= Problem =
Leave the pictures out. Retype exactly the lines below from the one containing "Купить Детское автокресло" through the one containing "Пахлава из теста", and no others.

= Data excerpts =

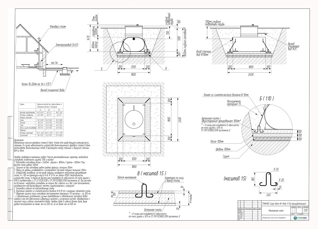 Перед непосредственным монтажом Гринлос Аэро Лайт Пр НК специалисты осуществляют подготовку котлована. Его размеры определяются конструктивными особенностями выбранной модели оборудования. Ознакомиться с данными параметрами можно в приложении к ПС.
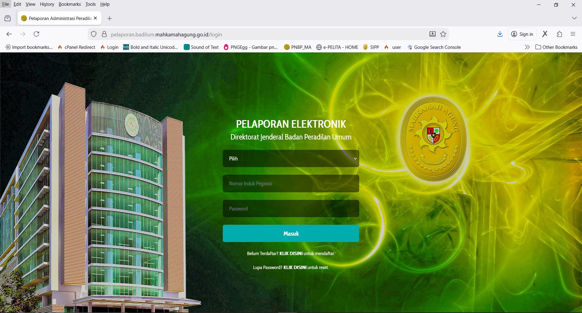 Pelaporan Administrasi Peradilan Umum Secara Elektronik dapat disampaikan melalui link berikut : https://pelaporan.badilum.mahkamahagung.go.id/login
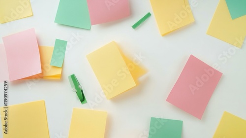 © megatron, Fototapeta premium Pastel notes scattered on white desk, planning
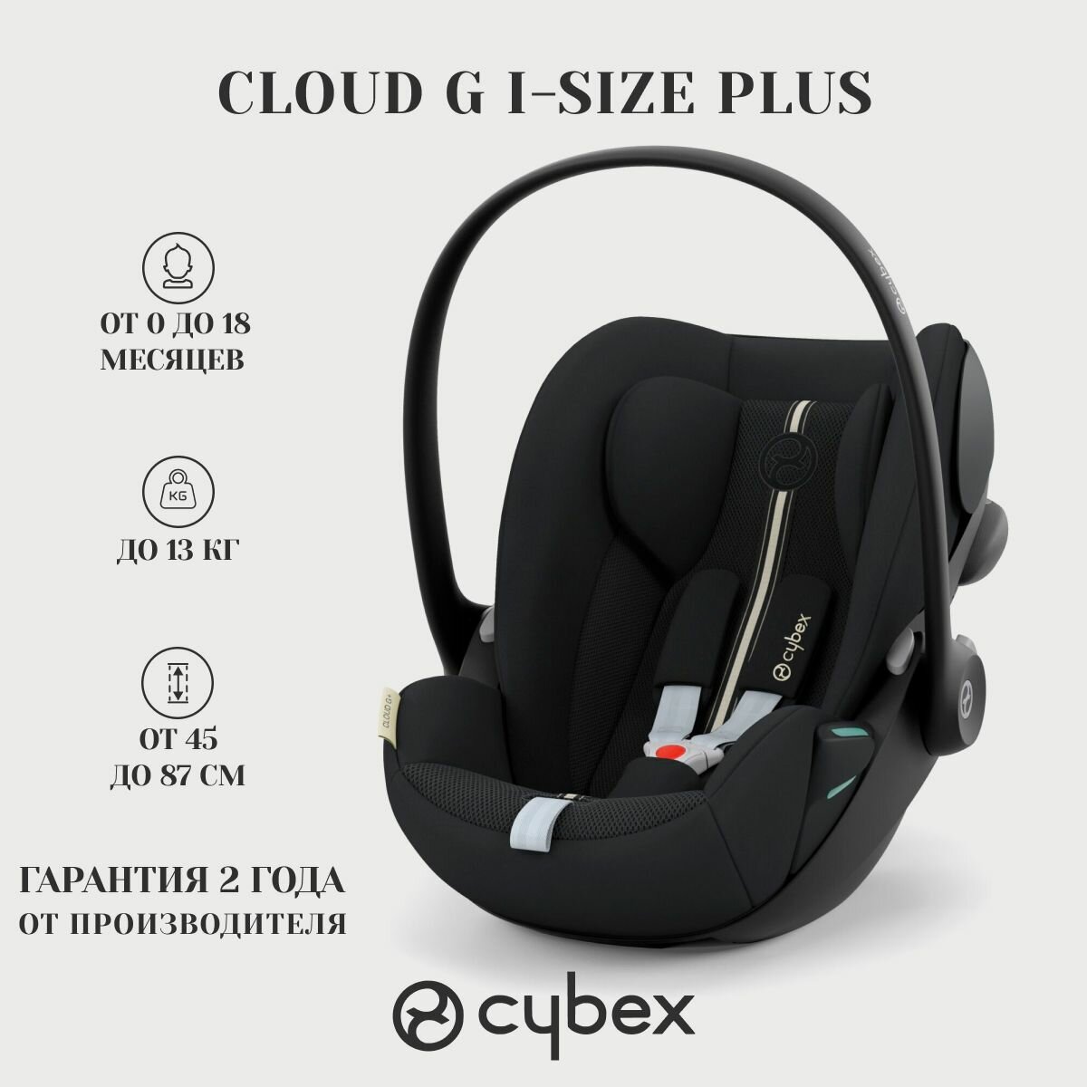 Купить Детское автокресло Cybex Cloud G i-Size, цвет Moon Black PLUS черный, группа 0+ с рождения до 2-х лет (до 13 кг, 40-87 см), автолюлька переноска стандарт ECE R129/03, протестировано ADAC
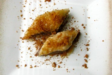 Пахлава из теста фило со спредом Бискофф и дробленым печеньем с пряностями, пропитанная сиропом из агавы.
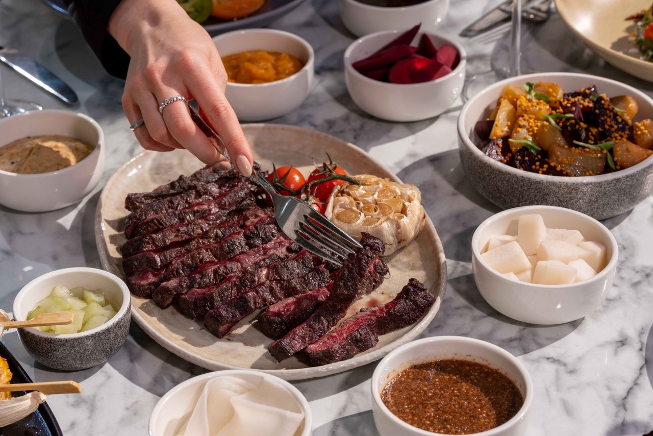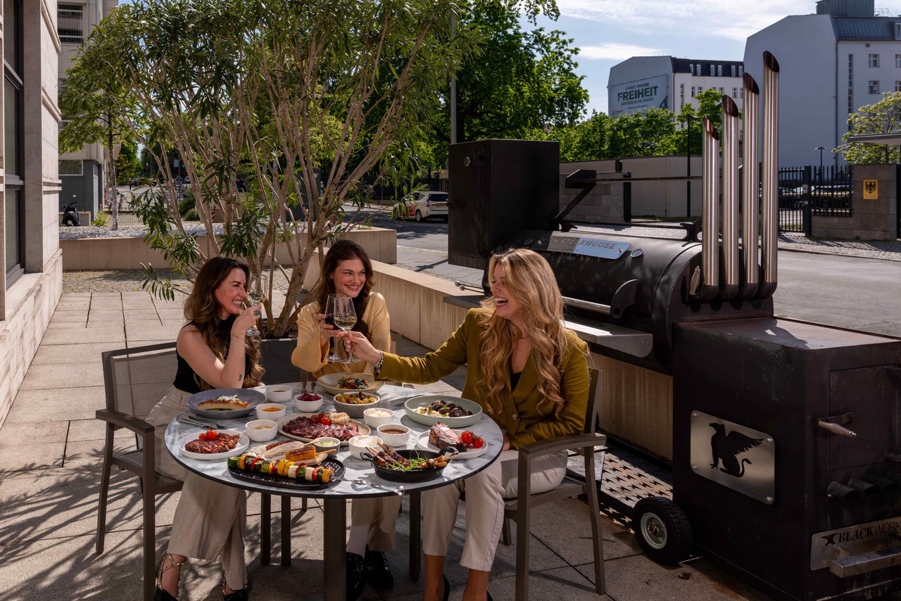 Denn eigentlich dreht sich beim „Saturday BBQ Social Menu“ auf der Terrasse des JW Steakhouse alles ums Fleisch, um ganz und gar Grandioses. Chefkoch Mirko Gonzales, gebürtiger Argentinier, ist wie könnte es anders sein, als Dirigent am Smoker ein wahrer Meister am Gerät. Es ist ein Blackworker BBQ Smoker Mustang der begehrliche Blicke auf sich und sein vielfältiges Wirken zieht. Und der dies einmalige Raucharoma verbreitet das – „high“ macht. Saftige Briskets, Steaks, Chicken Thighs, Seafood aber auch gut Vegetarisches werden gar schonend gegart. Im Grün des Dekors ornamentaler Pflanzen auf der überdachten Terrasse mit stylischen Hängelampen entfaltet sich die Premiere des „BBQ Social Menu“. Der Gast begibt sich auf „eine sensorische Reise durch Texturen, Temperaturen und Techniken“ kulinarischer Kunst. Geteilt werden „in echtem American Sharing Style“ Köstlichkeiten direkt aus der Küche, von der Barbecue-Station und vom Grill.
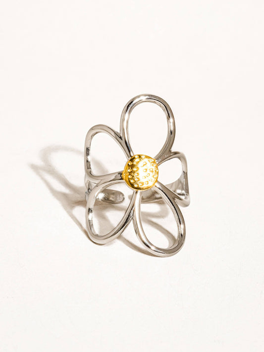 Finn 18K Gold Non-Tarnish Flower Chain Ring: Yellow Gold
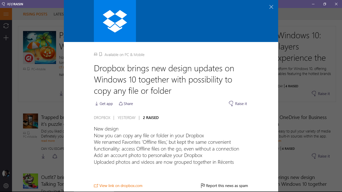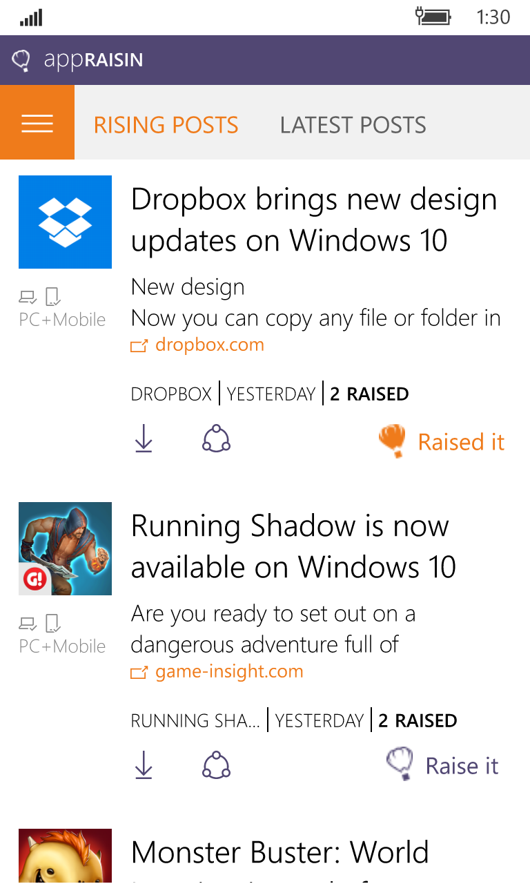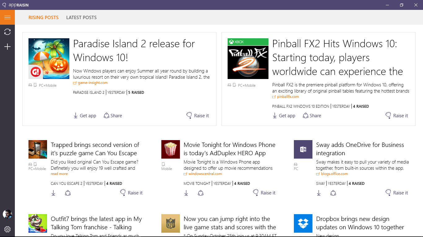 AppRaisin is a mobile-first service aimed at solving the biggest problem in modern app stores - app discovery. AppRaisin helps Windows enthusiasts stay on top of the latest releases, major updates and special offerings. Users decide what news raise to the top by "raising" the apps they like and ignoring the noise. This way enthusiasts get to make sure that t… See more
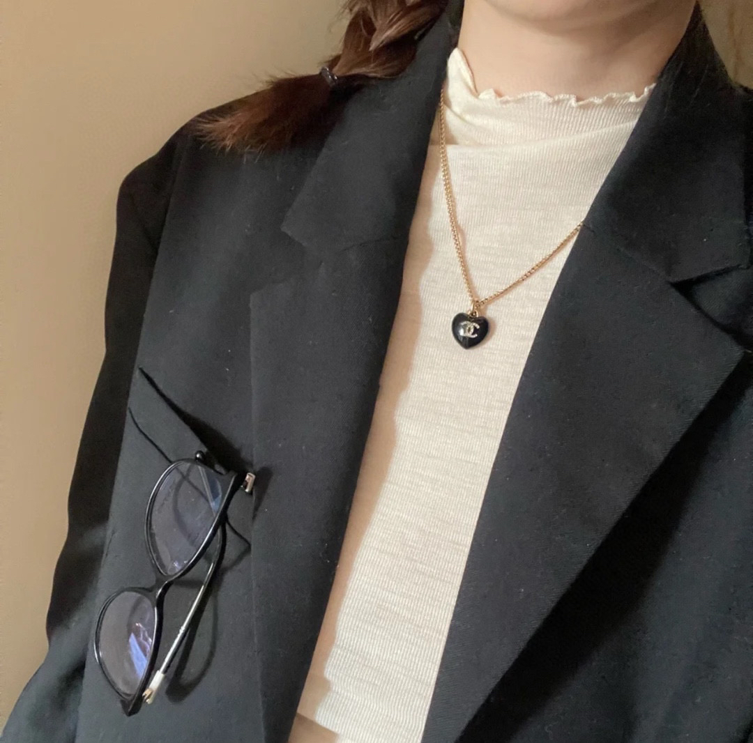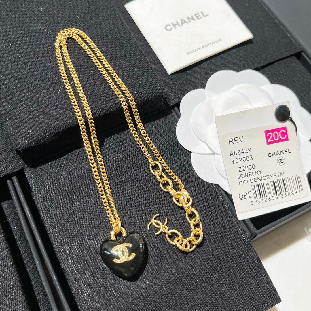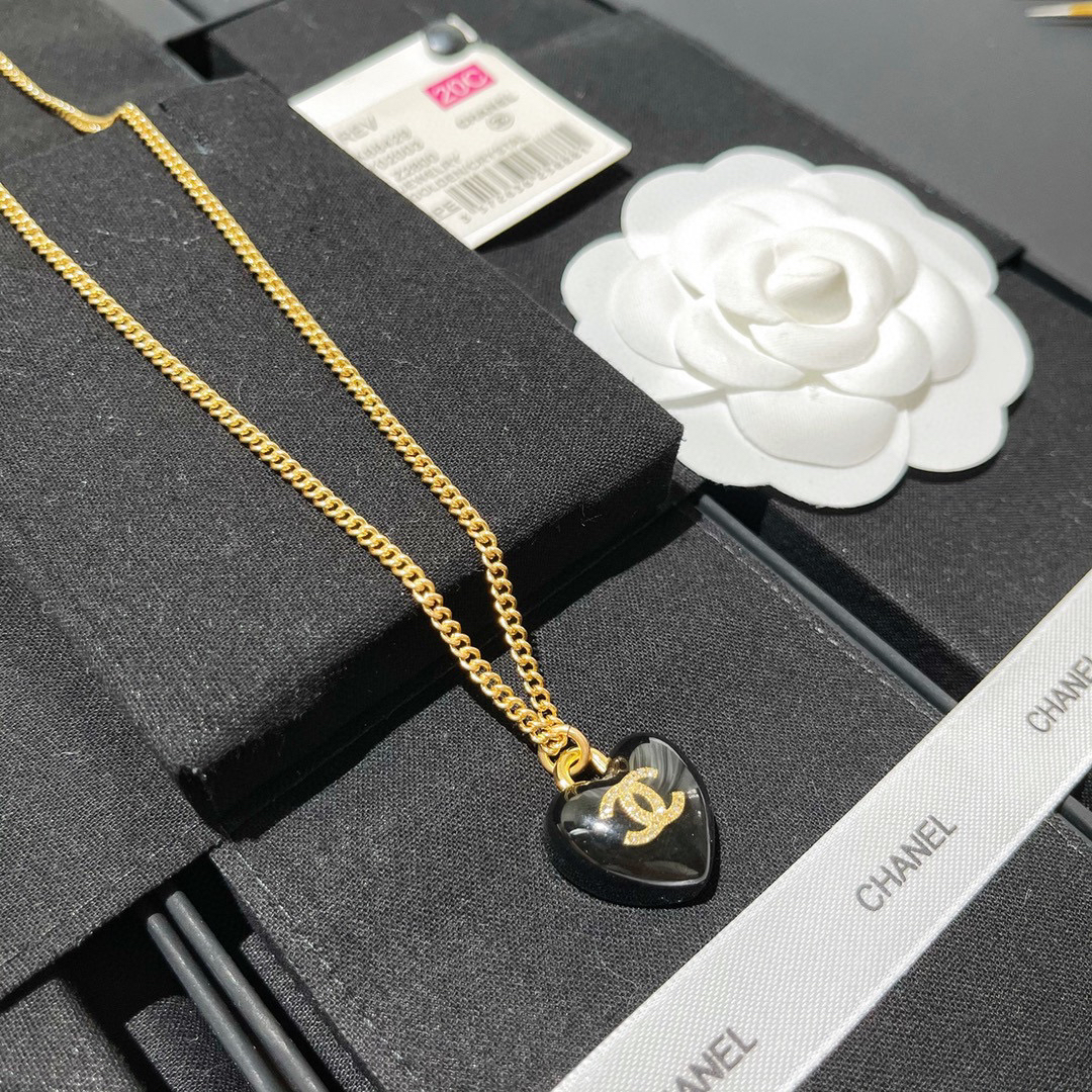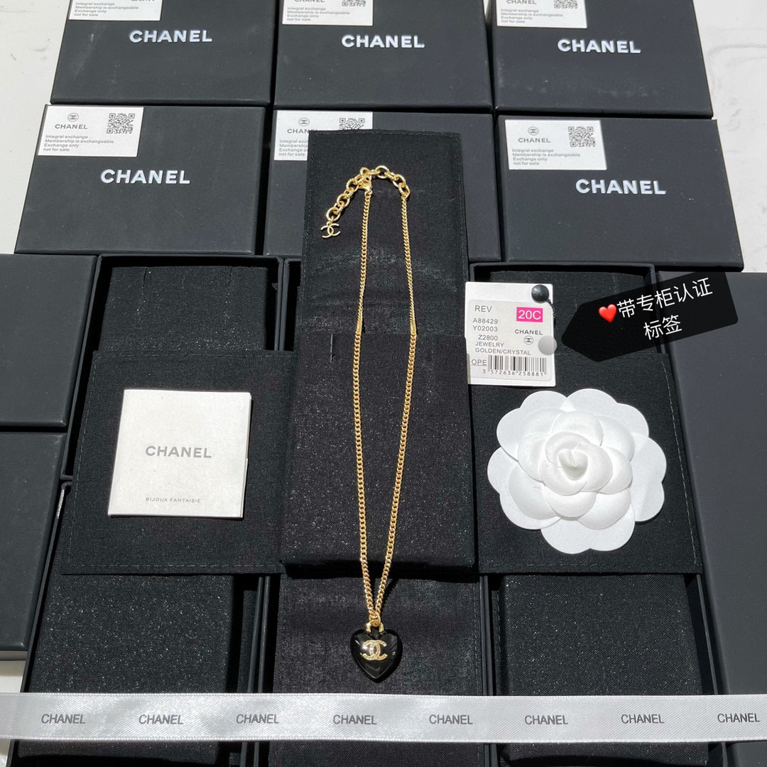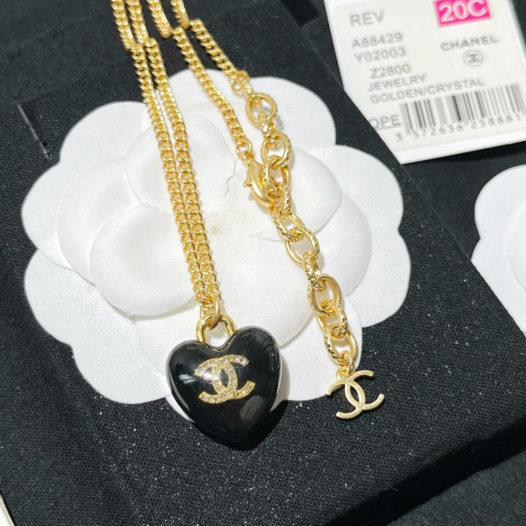 ☀️2021新款CHANEL香奈儿双c黑色桃心项链

= Result of the task =
 Купить Детское автокресло Cybex Cloud G i-Size, цвет Moon Black PLUS черный, группа 0+ с рождения до 2-х лет (до 13 кг, 40-87 см), автолюлька переноска стандарт ECE R129/03, протестировано ADAC
 Пахлава из теста фило со спредом Бискофф и дробленым печеньем с пряностями, пропитанная сиропом из агавы.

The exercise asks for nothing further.